Manila shares with Red Hat OpenStack 17.1 can be abruptly disconnected due to export information loss
Environment
- Deployments with Red Hat OpenStack Platform versions 17.1 GA, 17.1.1 and 17.1.2 that enable the OpenStack Shared File System service (Manila) using CephFS-via-NFS backend storage. This bug also manifests during upgrades from Red Hat OpenStack Platform version 16.2
- Red Hat OpenStack Platform 16.2
- Red Hat OpenStack Platform 17.1
Issue
This content is not included.Bug #2255324 was identified in Red Hat OpenStack 17.1 deployments where clients can lose access to mounted CephFS-via-NFS OpenStack Shared File Systems (Manila shares).
Resolution
Prior to running an update on the overcloud for any reason, for example, minor updates and fast forward upgrades from Red Hat OpenStack Platform 16.2, take a backup of the export data within the Ceph-NFS service:
Step 1: Identify the node where the ceph-nfs service ("ceph-nfs-pacemaker") is run by pacemaker:
# ssh tripleo-admin@<controller-0>
# sudo pcs status | awk '/ceph-nfs/ {print $5}'
Replace
Step 2: Run the following on the controller node that contains the "ceph-nfs-pacemaker" service:
# podman exec ceph-nfs-pacemaker rados -n client.manila -p manila_data get ganesha-export-index export_index_backup.txt
You may inspect the data in the "export_index_backup.txt" file. If you had manila shares created, you will have one or more lines in this file, each containing a RADOS object URL to export information. These individual export information objects will exist on RADOS, and are not affected by this bug.

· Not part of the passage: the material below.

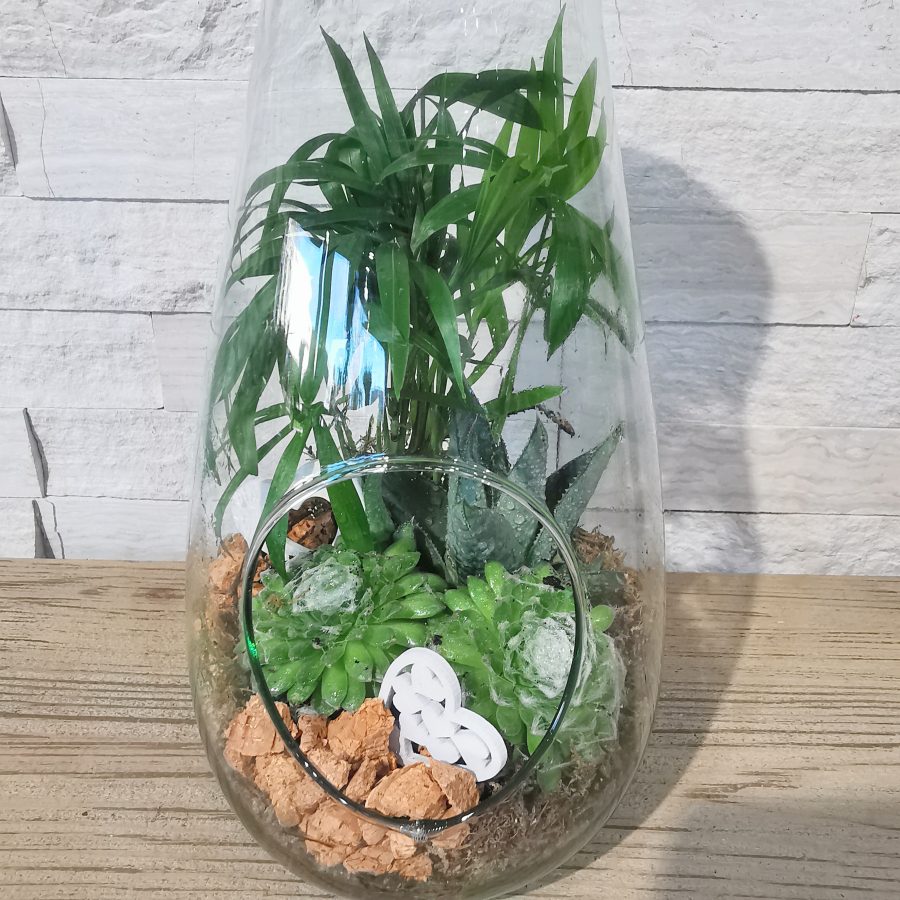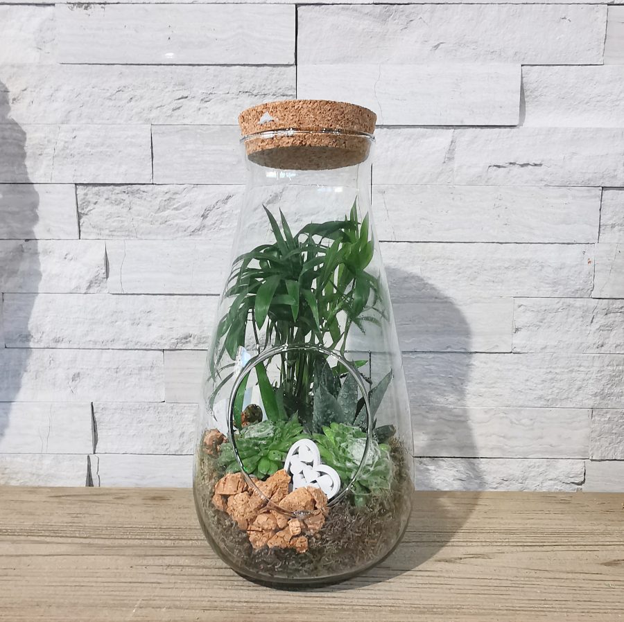Véritable petit jardin de plantes grasses et/ou succulentes dans sa cage en verre, nos terrariums sont réalisés par nos soins dans notre atelier.

Step 3: Once the stack update procedure is complete, ensure that the ganesha-export-index is recreated:
# podman exec ceph-nfs-pacemaker rados -n client.manila -p manila_data put ganesha-export-index export_index_backup.txt
Step 4: Verify that the object exists, and its contents match:
# podman exec ceph-nfs-pacemaker rados -n client.manila -p manila_data get ganesha-export-index -
Root Cause
Director’s ceph-nfs ansible role erroneously overwrites an export metadata file that is necessary for the recovery operations within the Ceph-NFS (NFS-Ganesha) server. This ansible role is invoked with the “openstack overcloud deploy” command.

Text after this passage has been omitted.